Zimbabwe: Of Gravy, Cakes and Crooked Politicians

Published on 7th August 2008

The Toast is Almost
Africans on the continent probably do not quite know whether to start cerebrating now or wait till the smoke settles in Zimbabwe. The prospect of Movement for Democratic Change [MDC] partaking of the political cake is now as real as Robert Mugabe's permanent banishment from the throne. Yet average Zimbabweans like myself will keep one eye wide open, not so much that I seem to thrive on adrenalin generated by controversy, but am weary of so-called African 'unity' agreements, especially where they resemble anything like Kenya.

Already, order books for more gravy bowls seem full, what with Thabo Mbeki pushing for, according to ZimOnline reports, "power-sharing proposals [where] Tsvangirai becomes executive prime minister, while Mugabe remains president.... [with] at least two or three vice-presidents and two deputy prime ministers drawn from the three negotiating parties.... this structure was designed to accommodate Mugabe’s  present vice-presidents Joseph Msika and Joyce Mujuru in addition to other top officials of the negotiating parties such as MDC second-in-command Thokozani Khupe and Emmerson Mnangagwa, a hawkish Mugabe's loyalist, who would become deputy prime ministers."
 
Now you tell me, by the time we are done with aides, deputies, secretaries, pa's, receptionists, drivers and messengers, Zimbabwe will have the biggest 'compromise government' in the history of political settlements. Mind you, the other six relatively 'unknown' fringe political parties are already screaming their lungs out for being left out of the show. The Federal Democratic Union, Progressive Union of Matebeleland, United People's Party, PUMA, ZANU Ndonga and Simba Makoni's Dawn/Mavambo/Kusile have made very little progress in upstaging Morgan Tsvangirayi in previous elections, but they are demanding to be heard, or more appropriately, to be fed!
 
My personal dislike of governments is not alien to liberal extremism. It is justified, because governments, especially African ones, specialise in legitimised plunder. My country has been under ZANUpf  for almost thirty years, the last ten of which have seen very little of no industrial production - a vital component of tax revenue. Even with the best of intentions, a highly skilled workforce and superb balance of payments support, we can only hope to reach our economic sanity targets end of 2009.
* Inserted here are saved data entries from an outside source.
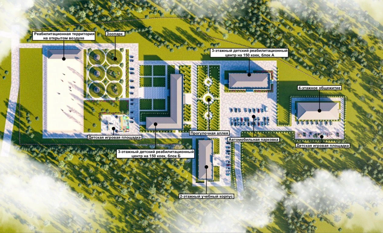 Новый реабилитационный городок будет включать специализированные центры для стационарной, амбулаторной и дневной реабилитации, а также коррекционный центр для детей с РАС и синдромом Дауна. В его состав войдет современный центр для детей с ДЦП на 150 коек, общежитие для родителей и медицинского персонала, а также образовательные и методические подразделения.
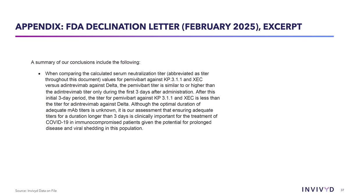 APPENDIX: FDA DECLINATION LETTER (FEBRUARY 2025), EXCERPT 37 Source: Invivyd Data on File
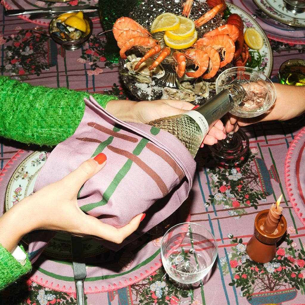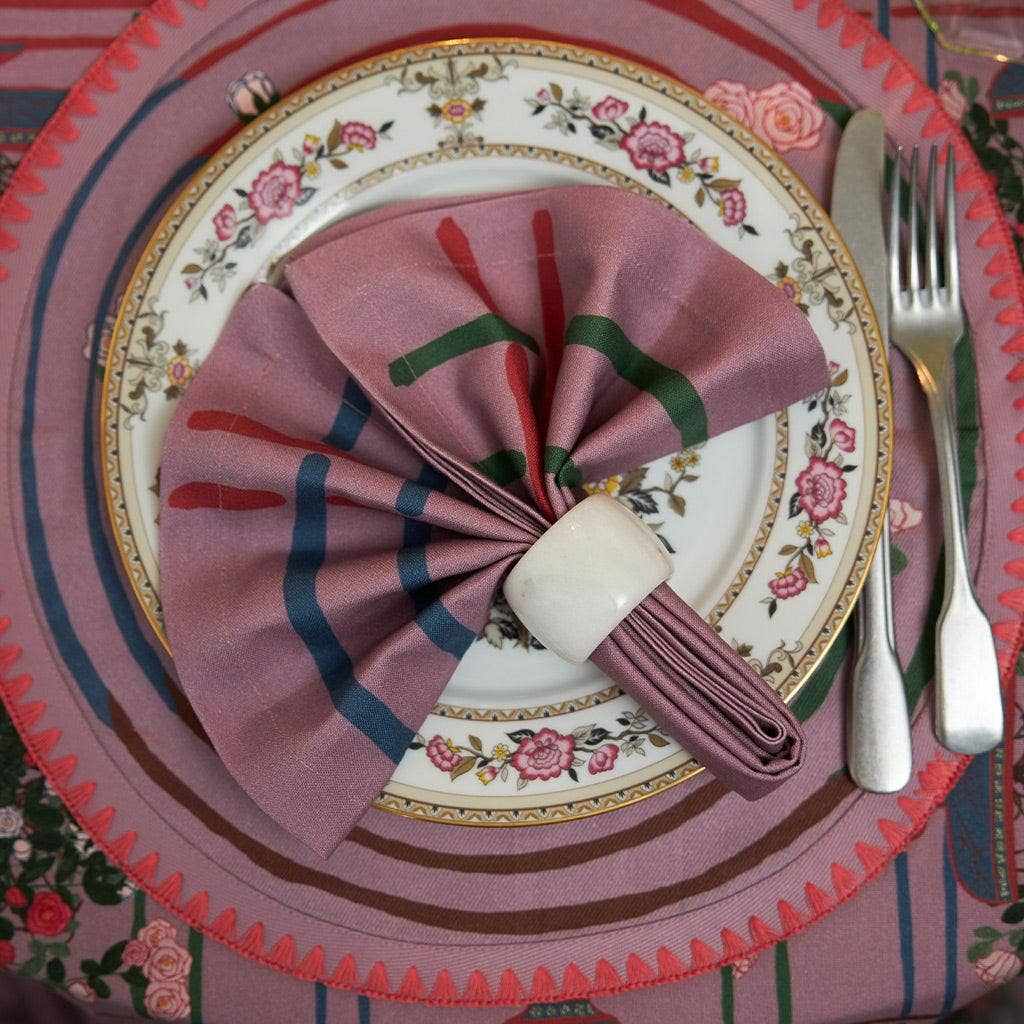 Artful, bold, and ready to elevate your table. These modern napkins feature painterly stripe designs in a spectrum of rich tones—green, red, blue, and brown—set against a muted lilac backdrop. A contemporary twist on classic plaid, they’re perfect for adding playful sophistication to both casual and elevated dining.

In the intervening period, the prospect of a donor-driven public budget is real, considering that MDC made exciting committments to reverse collapsed infrastructure. Both Robert Mugabe and his chief banker, Gideon Gono, have driven our economy to complete bankruptcy. By my estimates, although Zimbabwe's vast mineral and tourist resources are the shot term weapons we have against an inevitable deludge of undesirable international indebtedness, I cannot  see Tsvangirayi resisting the temptation to fund a huge budget deficit with external funds.
 
The lifecycle of a Zimbabwe GNU must be a lot shorter than its Kenyan counterpart mainly for two reasons. One, Zimbabweans want a perishable transitional arrangement that focuses on new institutions of governance and legislation to organise fresh presidential elections. Two, any mechanism that seems to give Mugabe a new lease of life is a national, regional and global liability that will slow Zimbabwe's admission into the brotherhood of nations. Maybe I am a natural pessimist. So far, Mr Odinga seems to be the acceptable face of Kenyan politics, but whether or not Mugabe can be overshadowed, even in a ceremonial presidential role, is a feat difficult to accomplish. Only time will tell.